[TASK BRIEF]
Pictures stay out of the copy. Retype exactly the lines below from the one with "если фирма I" through the one with "Flat wooden button".

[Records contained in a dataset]

[Start of Attachment]

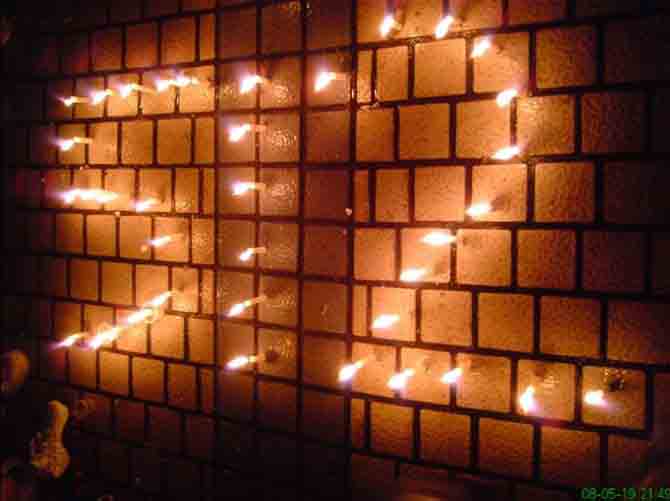 下图为我校师生于2008年5月19号21:30分到22:00分在体育馆前自发的悼念活动。
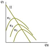 если фирма I уменьшит предложение на рынке, поэтому вершины изопрофит
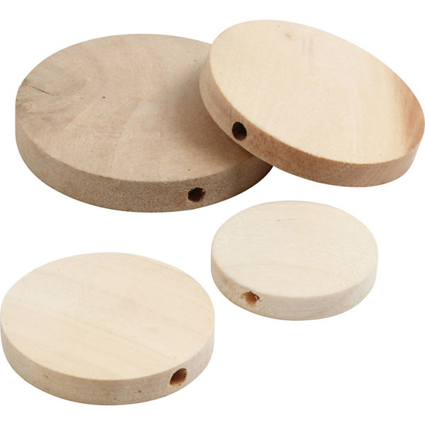 Flat wooden button with a hole running through centre.
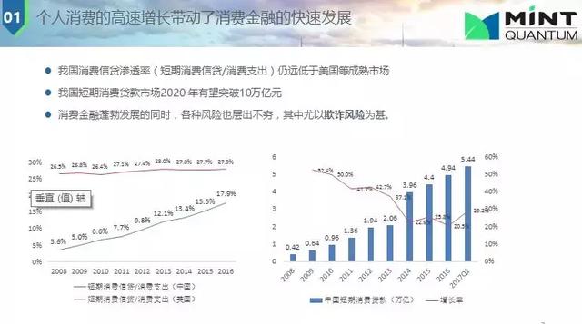 美國是個人消費實力很強的一個國家,我們以它為標桿。圖中藍線代表中國,紅線代表美國。預(yù)測中國短期個人貸款到2020年達10萬億元,可見市場龐大。個人消費不僅僅靠大銀行,還要靠其他小型機構(gòu);因為大銀行本身這種特點(客群優(yōu)質(zhì)),很難下放到下層服務(wù)。在信用風險中欺詐風險在我國占的比例非常高,數(shù)額也比較大,經(jīng)常是有組織的欺詐,如做“網(wǎng)絡(luò)黑產(chǎn)”有百萬級人員,市場規(guī)模為千億級,很多公司被迫無法經(jīng)營,據(jù)估計,互聯(lián)網(wǎng)金融一半以上的壞賬風險來自欺詐風險。對比美國這方面比例就相對小的很多,如一個千億級個人消費,中能達20-30億美元,美國則只有幾千萬美元。原因有一點是美國征信做的比較好,幾乎覆蓋所有成年人。反欺詐就是提高欺詐的成本。
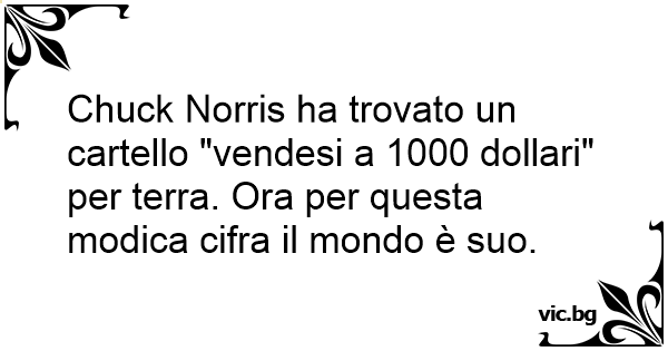 Chuck Norris ha trovato un cartello "vendesi a 1000 dollari" per terra. Ora per questa modica cifra il mondo è suo.
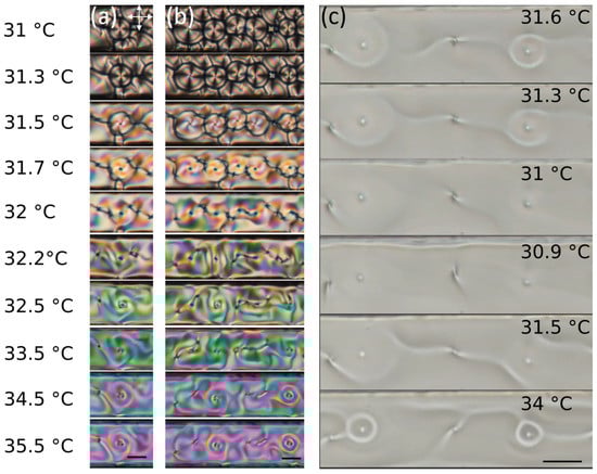 Memory at the smectic-cholesteric transition. (a,b) Two sequences of images from details of the supplementary video V2 showing defects heated up from smectic to cholesteric, with temperature ranging from 31 to 35.5 °C. It is possible to see how memory is retained at the phase transition. (c) Sequence of images from supplementary video V3 showing a circular cholesteric domain. The domain is cooled near the phase transition down to 30.9 °C (it is possible to see the “unwinding” of the cholesteric helix) and then heated up again to 34 °C before it turns into smectic, retaining its defect structure. All scale bars are 20 m.
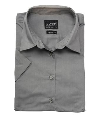 James&Nicholson rövid ujjú női blúz Business Popline 105 acélszürke

[End of Attachment]

[ANSWER FOR THE TASK]
 если фирма I уменьшит предложение на рынке, поэтому вершины изопрофит
 Flat wooden button with a hole running through centre.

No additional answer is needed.